• WORK TASK
Produce a word-for-word copy of the line that contains "2021 Nanny Institute" and each line after it through the end of the material, omitting pictures and all other lines.
..............................
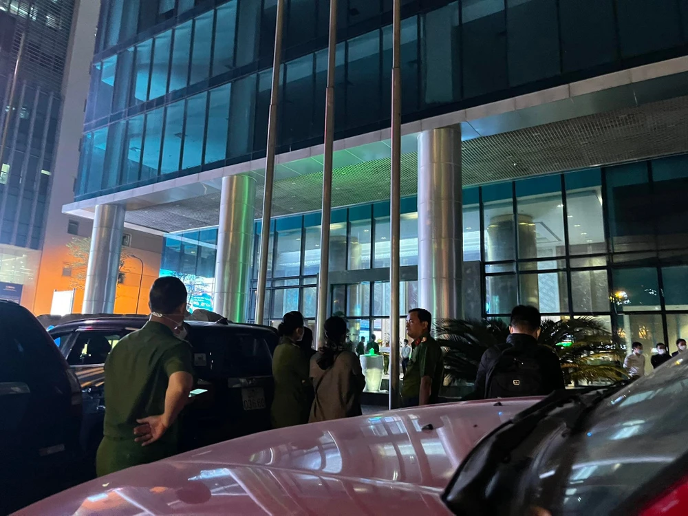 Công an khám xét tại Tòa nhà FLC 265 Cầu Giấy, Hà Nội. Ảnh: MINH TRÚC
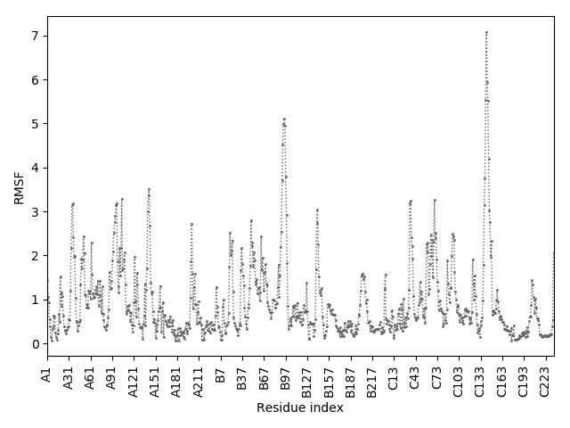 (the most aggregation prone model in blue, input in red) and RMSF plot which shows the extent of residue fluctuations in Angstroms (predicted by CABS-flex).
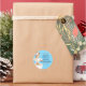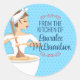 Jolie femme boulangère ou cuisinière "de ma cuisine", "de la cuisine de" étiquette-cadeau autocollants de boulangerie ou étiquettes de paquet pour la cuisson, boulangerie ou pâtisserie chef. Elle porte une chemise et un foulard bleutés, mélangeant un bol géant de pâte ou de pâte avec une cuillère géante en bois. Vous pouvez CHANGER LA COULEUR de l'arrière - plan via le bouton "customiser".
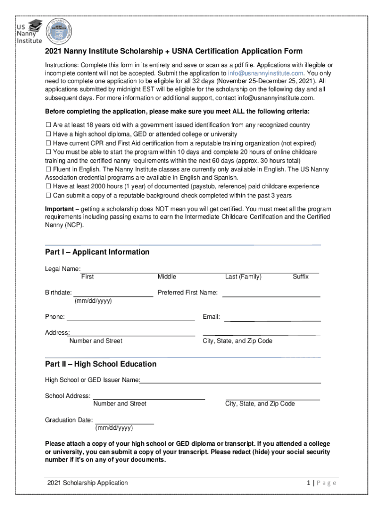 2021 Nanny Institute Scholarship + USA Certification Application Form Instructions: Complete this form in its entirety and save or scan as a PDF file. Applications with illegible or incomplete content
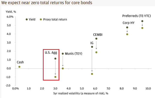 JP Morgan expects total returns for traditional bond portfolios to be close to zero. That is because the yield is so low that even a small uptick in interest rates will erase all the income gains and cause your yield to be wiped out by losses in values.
..............................
• WRITTEN RESPONSE
 2021 Nanny Institute Scholarship + USA Certification Application Form Instructions: Complete this form in its entirety and save or scan as a PDF file. Applications with illegible or incomplete content
 JP Morgan expects total returns for traditional bond portfolios to be close to zero. That is because the yield is so low that even a small uptick in interest rates will erase all the income gains and cause your yield to be wiped out by losses in values.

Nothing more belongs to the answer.